**Assigned task**:
Return the first line of the listing below and all the lines after it through the one containing "6- UNIT CLASSROOM BLK AT BA PRIM. SCHOOL", exactly, without pictures.

**Source data**:
****************

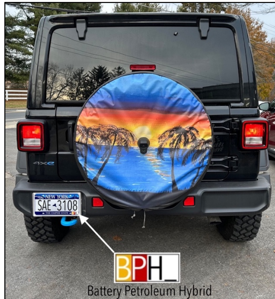
Figure 5. SAE J3108 license plate marking (sticker) for firefighter awareness about alternative fuels and power sources.
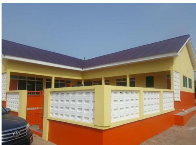
6- UNIT CLASSROOM BLK AT BA PRIM. SCHOOL

Government recognizes the important role of infrastructure expansion in achievement of the Sustainable Development Goals. In view of that, a total of 874 projects have been initiated since 2017, of which 323 have been completed. In addition, Government has supplied furniture including dual desk, teacher's table and chairs, library tables and chairs, book shelves and hexagonal tables and chairs to basic schools across the country.

****************

**Response**:
Figure 5. SAE J3108 license plate marking (sticker) for firefighter awareness about alternative fuels and power sources.
6- UNIT CLASSROOM BLK AT BA PRIM. SCHOOL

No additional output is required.